Александр Косарев - Закон землеройки
– Что, прямо с кружкой и заявлялась? – поразился я.
– В том-то и дело! Люди слышат звонок в дверь, открывают, а там – Лукерья! В извечном заношенном платочке, в тапочках хоть зимой, хоть летом, на лице ни кровинки, глаза горят дьявольским пламенем, а в правой руке кружечка эмалированная подрагивает. И капельки на порог– кап, кап, кап… Некоторые от ее визита сразу в обморок падали.
– Но неужели никто не мог с бесноватой бабой справиться?!
– А что с ней сделаешь? В прогнозах она никогда не ошиблась. Пробовали даже «помеченных» ею людей в реанимацию помещать, где потом почти весь штат врачей возле них дежурил, пытаясь предотвратить неизбежное, но куда там – тщетные потуги! У меня тогда приятель Жорка Пименов хирургом в больнице работал, так он не выдержал и дома застрелился однажды с досады из охотничьего ружья. А половина больничного персонала и вовсе со страху уволилась…
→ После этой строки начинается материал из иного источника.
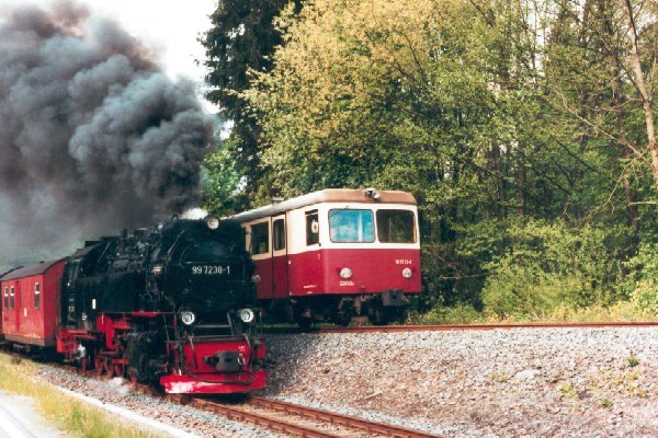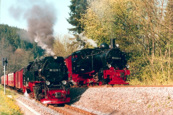 Doppelausfahrt mit "Neubaulok" 99 7238 und "Fiffi" (Lok 99 6102) Foto: Heiko Fricke Vergrößern 60,4 KB |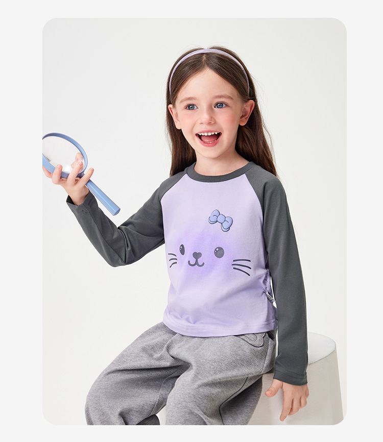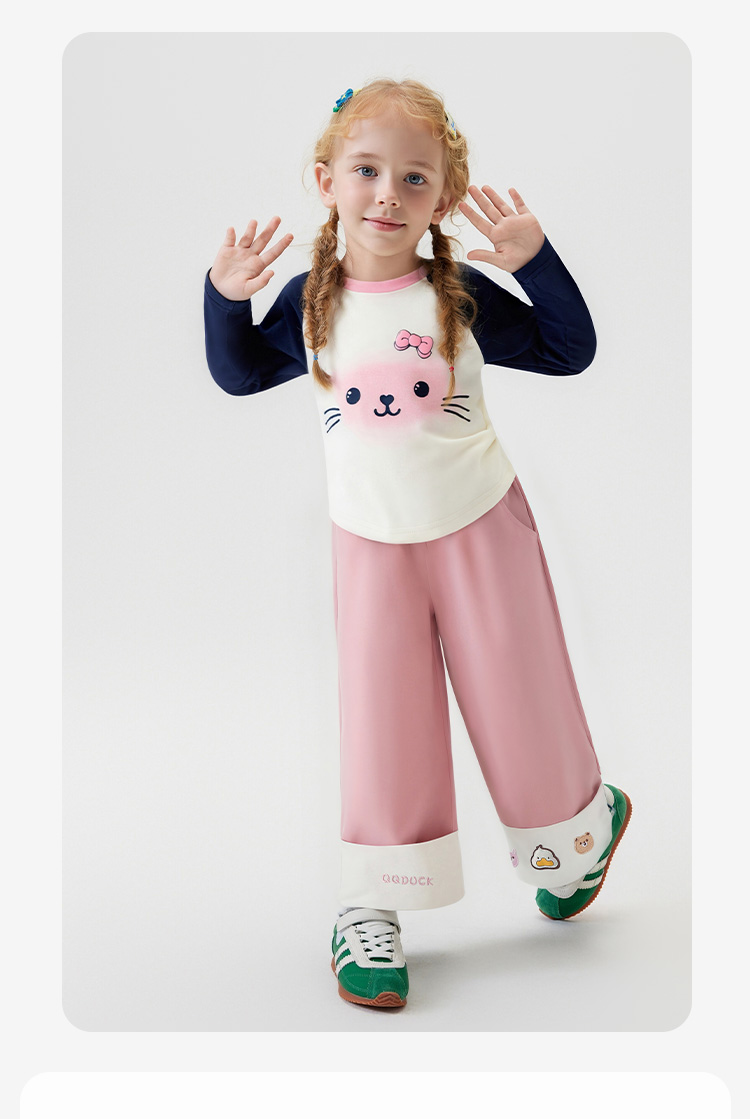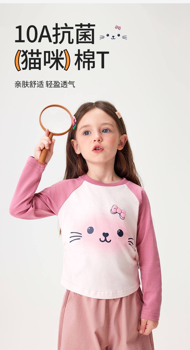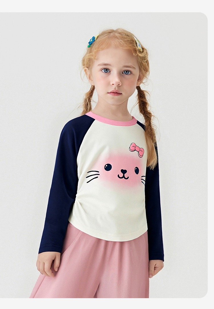 【10A抑菌 弧形下摆】【90-130】【可可鸭】女童春秋甜美长袖T恤

– Но хоть один человек отказался ту воду пить?!
– И не один! Когда Лукерья первый десяток смертников огласила, ее вообще, бывало, с лестницы спускали. Да только люди те все равно умирали, но уже в страшных мучениях и судорогах.
– То есть те, – уточнил я, – кто ее воду пил, уходили из жизни спокойно, а «отказники» еще и мучились?
– Именно! А позже люди подметили, что после вручения каждому очередному страдальцу воды санитарка была сама не своя: словно бы корежило ее всю, ломало до скрежета зубовного. Стали уже говорить, что берет-де она страдания людские на себя, замаливая тем самым грехи человеческие перед Богом. Словом, произошел в городе своего рода раскол: одни на всех углах славили новоявленную «святую Лукерью», а другие паковали чемоданы и в срочном порядке покидали город. Словно от чумы, помнится, бежали… И вот именно тогда, в конце восьмидесятых, потянулись в наш город так называемые «паломники» или, как мы их называем, «переселенцы». Приезжали, занимали потихоньку брошенные дома и квартиры и брались за любую работу – ничем не брезговали. Местные власти наплыву «переселенцев» не препятствовали, ибо без них многие городские службы вообще обезлюдели бы. А тут вам взамен коренных беглецов-паникеров и новые рабочие руки сразу, и новые налогоплательщики. Прибывали эти паломники в основном семьями и первым делом отправлялись в паспортный стол, причем все как один заявляли об утере во время переезда паспорта.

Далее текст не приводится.